Fact Check: Was Kanha tigress really eaten by a tiger? What the evidence suggests

Jay Mazoomdaar
Almost nothing was left of the carcass that was found in Kanha. (Express Photo)

On Monday, news reports suggested that in a suspected act of cannibalism, a tiger may have killed and eaten a tigress in Kanha Tiger Reserve of Madhya Pradesh. The news agency PTI quoted Kanha field director K Krishnamurthy as saying that "circumstantial evidence suggests that the tiger, during a territorial fight, dragged the tigress for about 700 metres". How frequently do animals feed on their own?

First thing first. The deceased Kanha tigress was unlikely to have been the victim of a tiger. A male tiger has no reason to eliminate a mating option, unless she was defending her cubs.

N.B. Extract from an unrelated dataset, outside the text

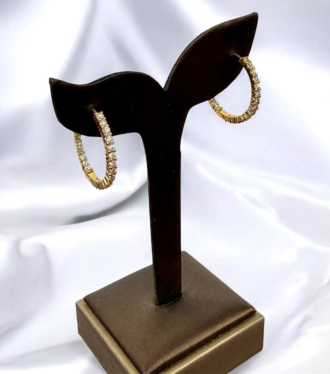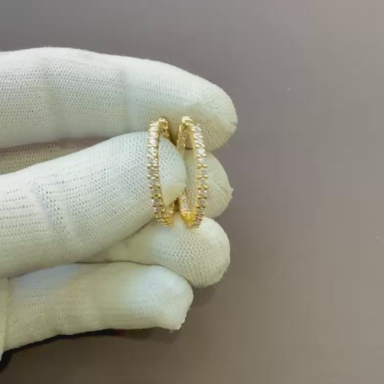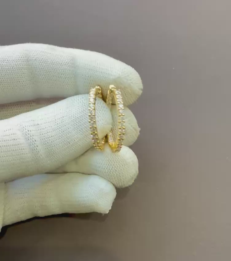Indulge in the timeless elegance of these authentic Roberto Coin diamond hoop earrings. Crafted in luxurious 18-karat yellow gold, these stunning hoops feature a brilliant inside/outside design, ensuring dazzling sparkle from every angle. The earrings showcase 1.53 carats of natural, high-quality diamonds, meticulously prong-set to enhance their radiance.

The remains showed that even the innards and almost the entire skin were missing. Tigers may not be picky, but they do not eat dirty. Barely anything was left of the carcass; even the large bones were picked clean. That would require a range of scavengers to take turns, but the freshness of the skull did not allow for so much time. The carcass looked a mystery, but it did not justify a cannibal tale. Because cannibalism is rare - and often occurs, when it does, under unusual circumstances.

Eating each other

Cannibalistic behaviour has been recorded in less than 2,000 out of over a million formally described species on earth. In species that are not naturally cannibalistic, it can be triggered by a scarcity of resources or the urge to push one's genes.

Yet, cannibalism is not unnatural. It is well known that praying mantises eat their partners during sex to maximise egg output. Cane toad tadpoles gorge on the eggs of their species to preempt competition. Every desert spider mom regurgitates food to help her young ones grow until she serves herself up to be devoured alive.

Evidently, nature does not consider it as "ungodly" as we do. The cannibal morph of tiger salamanders feed on the non-cannibal ones for extra nutrition. Embryonic Lamnoid sharks feast on their smaller siblings inside the mother's womb to grow fast and maximise their chances of survival after birth.

Particularly among large carnivores, though, the risk of pathogen transmission limits cannibalistic behaviour. Recent studies, however, suggest that cannibalism may actually reduce the prevalence of parasites by reducing the number of susceptible hosts. While that debate continues, cannibalistic behaviour is well documented among cats, both domestic and wild, under certain circumstances.

Cats eating cats

All male cats are wired to kill the offspring of another cat. The purpose is to deny rival male cats reproductive success and establish one's own bloodline. A female cat returns to oestrus (a sexually receptive and fertile state) immediately after losing her cubs and the murderous male can mate to give his genes a chance. When a male kills his rival's cubs, records show, he often ends up consuming them.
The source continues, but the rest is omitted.